Data provided Start Marker

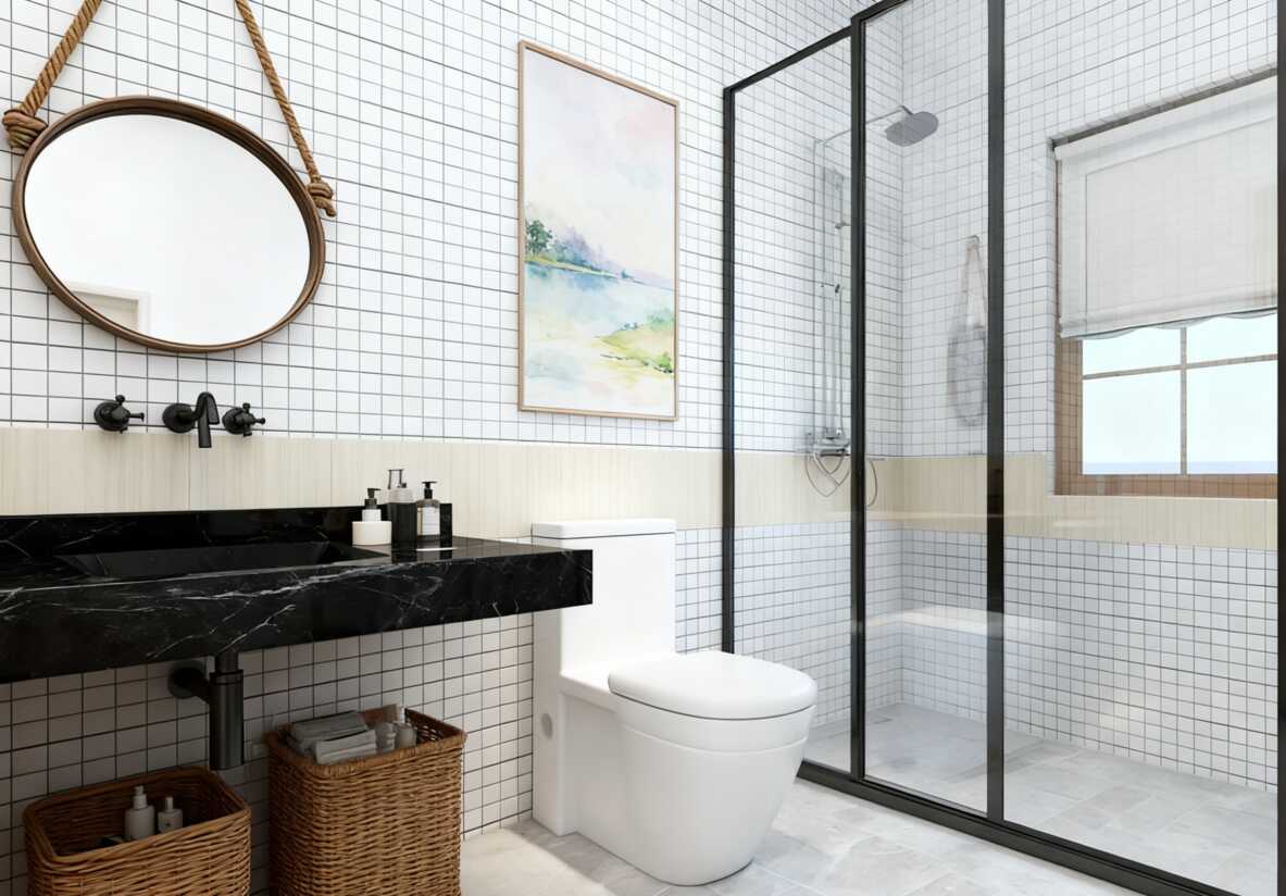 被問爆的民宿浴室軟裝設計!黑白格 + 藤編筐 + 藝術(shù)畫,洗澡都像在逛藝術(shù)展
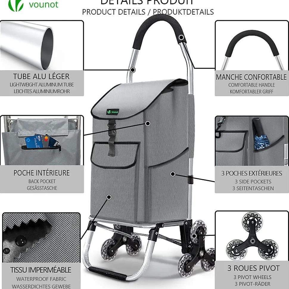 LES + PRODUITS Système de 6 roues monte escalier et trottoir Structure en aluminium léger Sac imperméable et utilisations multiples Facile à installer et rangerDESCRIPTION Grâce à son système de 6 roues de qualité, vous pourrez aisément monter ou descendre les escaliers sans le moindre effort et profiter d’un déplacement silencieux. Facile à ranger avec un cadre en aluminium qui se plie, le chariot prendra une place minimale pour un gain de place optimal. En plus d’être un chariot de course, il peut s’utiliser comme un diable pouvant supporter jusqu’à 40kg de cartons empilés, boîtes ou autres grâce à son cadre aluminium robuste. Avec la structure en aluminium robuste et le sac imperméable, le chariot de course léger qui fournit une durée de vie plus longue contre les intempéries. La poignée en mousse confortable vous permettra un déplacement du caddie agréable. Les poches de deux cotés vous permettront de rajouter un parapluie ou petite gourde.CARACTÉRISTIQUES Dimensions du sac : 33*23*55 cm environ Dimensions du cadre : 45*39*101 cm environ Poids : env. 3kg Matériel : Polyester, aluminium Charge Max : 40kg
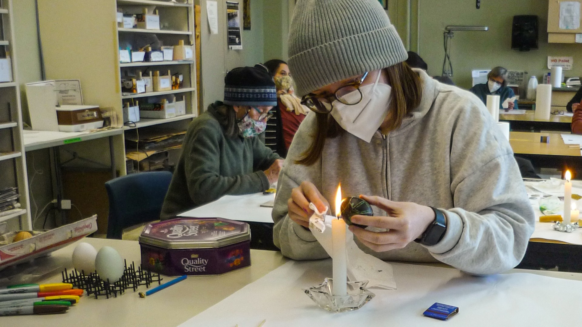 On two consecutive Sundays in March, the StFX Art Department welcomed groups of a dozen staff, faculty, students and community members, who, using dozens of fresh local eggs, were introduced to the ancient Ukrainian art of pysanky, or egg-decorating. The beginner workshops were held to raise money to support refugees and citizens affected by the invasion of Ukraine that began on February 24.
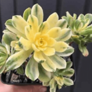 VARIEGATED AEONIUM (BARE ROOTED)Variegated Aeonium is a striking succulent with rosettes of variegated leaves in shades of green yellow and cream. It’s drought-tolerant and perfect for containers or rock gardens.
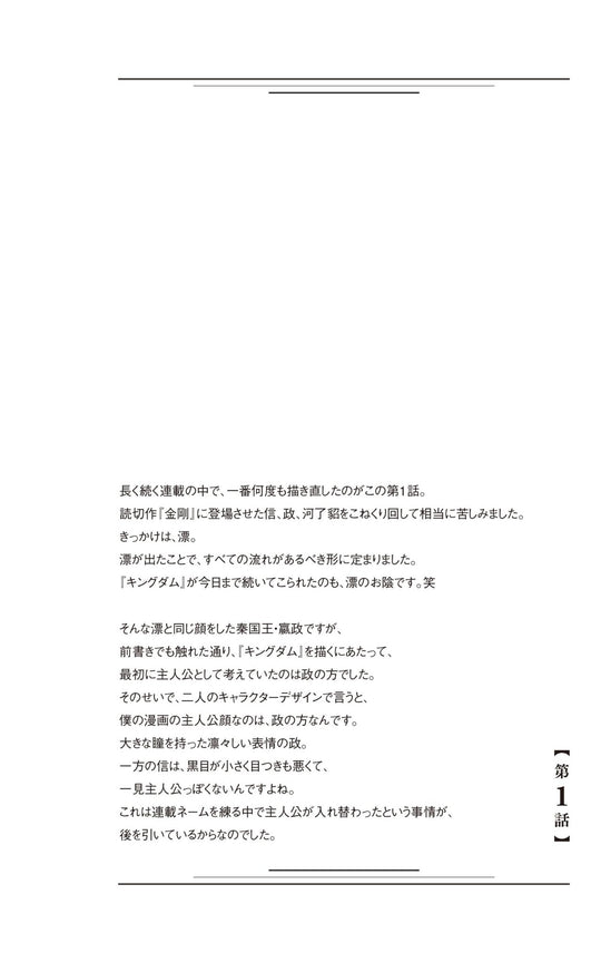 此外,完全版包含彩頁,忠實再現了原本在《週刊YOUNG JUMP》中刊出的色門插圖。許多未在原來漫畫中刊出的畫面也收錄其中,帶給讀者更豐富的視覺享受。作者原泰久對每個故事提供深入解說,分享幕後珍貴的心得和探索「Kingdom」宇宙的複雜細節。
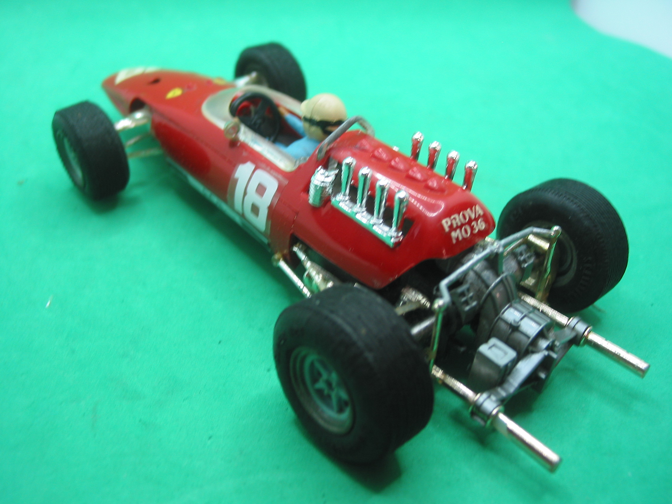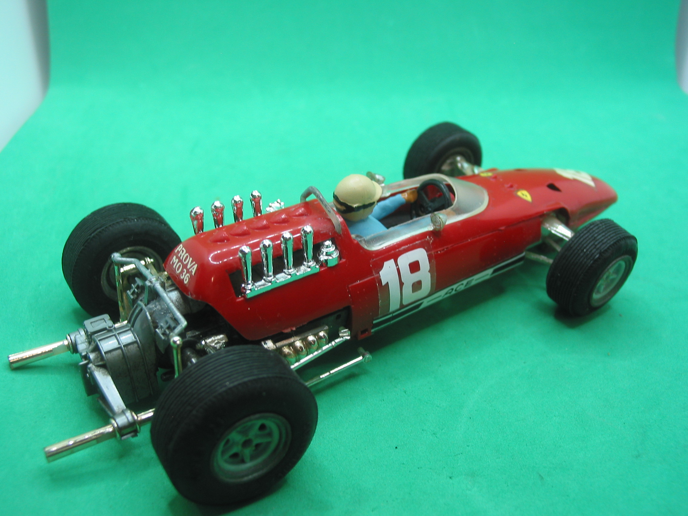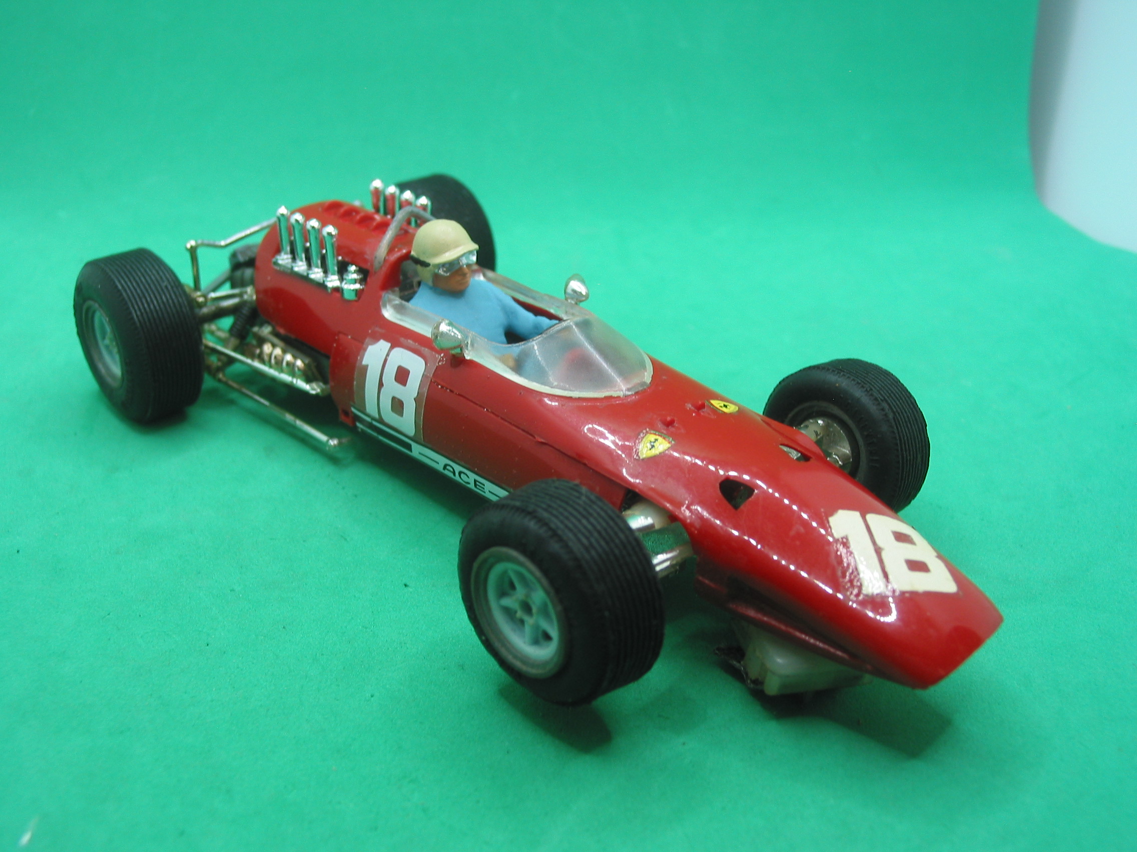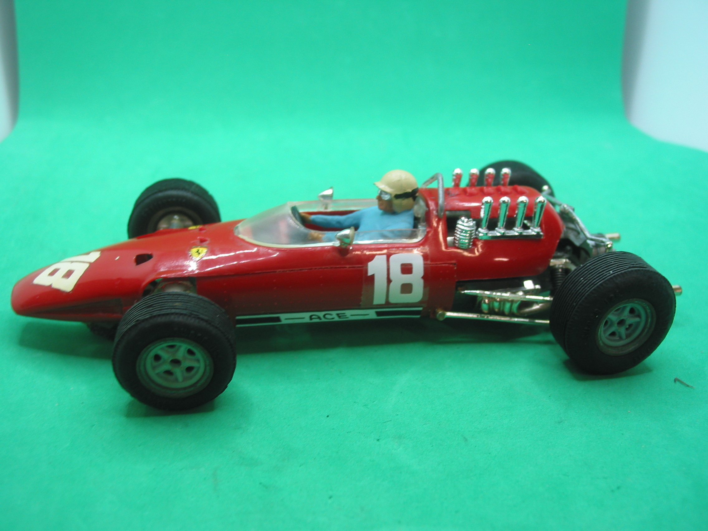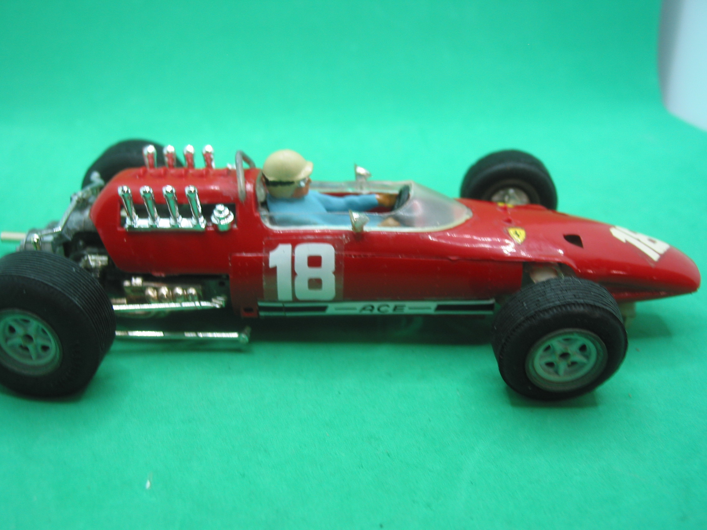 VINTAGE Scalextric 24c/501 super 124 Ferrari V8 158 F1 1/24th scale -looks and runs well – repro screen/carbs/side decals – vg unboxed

Data provided End Marker
Data provided Start Marker

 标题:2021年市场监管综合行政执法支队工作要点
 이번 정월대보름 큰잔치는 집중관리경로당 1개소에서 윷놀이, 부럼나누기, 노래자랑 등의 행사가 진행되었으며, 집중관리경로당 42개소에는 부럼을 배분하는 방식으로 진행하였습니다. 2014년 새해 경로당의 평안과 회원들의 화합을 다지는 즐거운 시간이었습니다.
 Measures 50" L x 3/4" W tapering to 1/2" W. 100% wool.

Data provided End Marker

*Task description*
Your copy should hold only the lines above from the one containing "此外,完全版包含彩頁,忠實再" through the one containing "VINTAGE Scalextric 24c/501", exactly as written and free of pictures.

*Answer to the problem*
 此外,完全版包含彩頁,忠實再現了原本在《週刊YOUNG JUMP》中刊出的色門插圖。許多未在原來漫畫中刊出的畫面也收錄其中,帶給讀者更豐富的視覺享受。作者原泰久對每個故事提供深入解說,分享幕後珍貴的心得和探索「Kingdom」宇宙的複雜細節。
 VINTAGE Scalextric 24c/501 super 124 Ferrari V8 158 F1 1/24th scale -looks and runs well – repro screen/carbs/side decals – vg unboxed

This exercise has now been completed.